Sudah hampir setahun aku tak melihatnya. Asma sudah semakin tinggi hingga aku hampir tak menggenalinya. Dia memeluku erat.
“Bang, Asma kangen”. Serunya sambil menangis. Aku mengelus kepalanya mencoba menenangkan dan juga berkata rindu padanya. Sesaat seorang wanita dengan wajah penuh riasan Make up turun mendekat ke arahku dan Asma.

“Siapa dia Asma?”. Tanyanya heran.
“Ini Bang Baslan, yang selama ini sering aku ceritakan”. Jawab Asma sambil tersenyum. Johan telihat memperhatikan wanita itu hingga tak sadar bahwa aku melirik dan berisyarat agar dia mendekat ke arahku.

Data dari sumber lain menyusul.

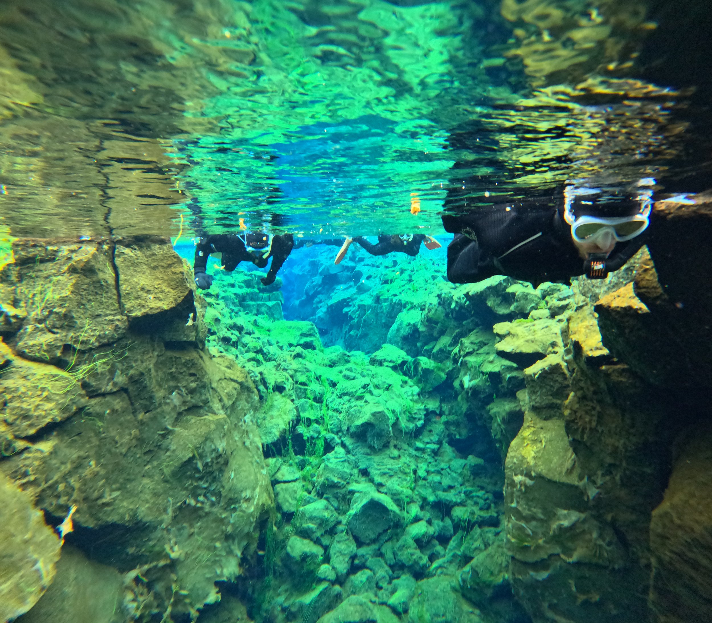 De dag begon met… snorkelen! In het ijskoude water van de gletsjers in Silfra werden we opnieuw in waterdichte pakken gehesen en kregen we onze snorkels aangemeten.
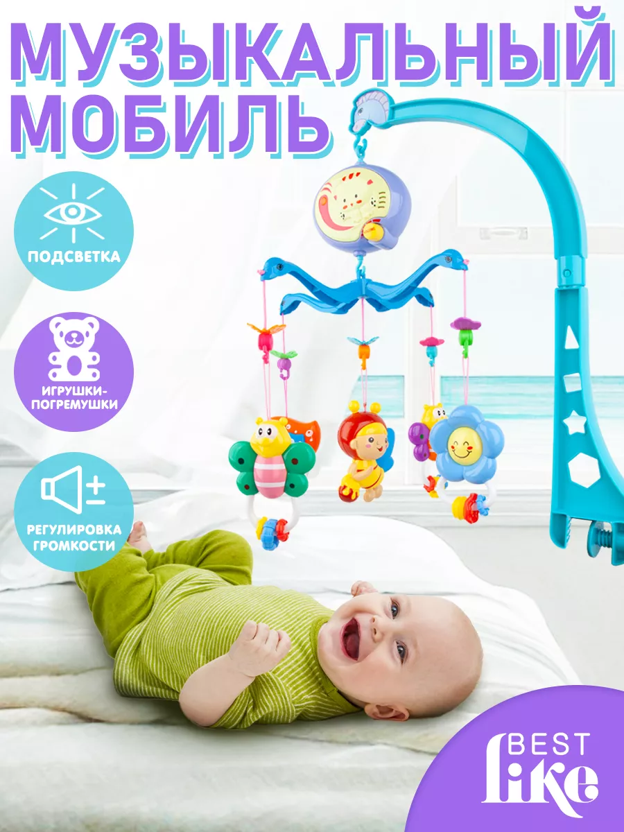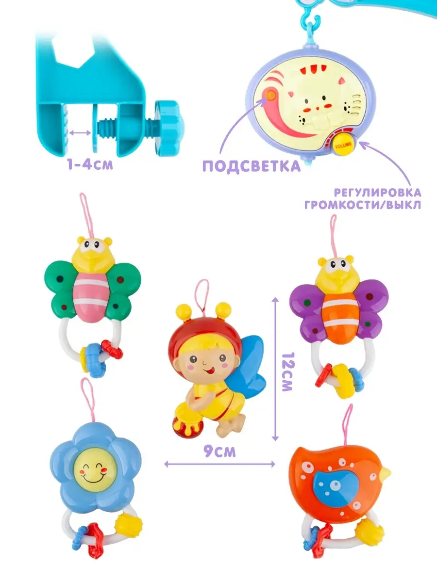 Особенности мобиля винтовое крепление; вращение игрушек; регулировка громкости

“Oo Baslan, mari masuk ke dalam. Kita gobrol di dalam saja”. Ucap wanita itu. 
Aku dan Johan mengikuti langkah kaki mereka masuk hingga duduk di ruang tamu. Rumah ini begitu besar sangat jauh berbeda dengan rumah kami. Aku melihat foto ayah dan wanita ini terpampang di dinding dengan baju yang serasi. Aku bertanya-tanya dalam hati apakah wanita ini istri baru ayah. Wanita itu terlihat mengerti dengan apa yang sedang aku pikirkan.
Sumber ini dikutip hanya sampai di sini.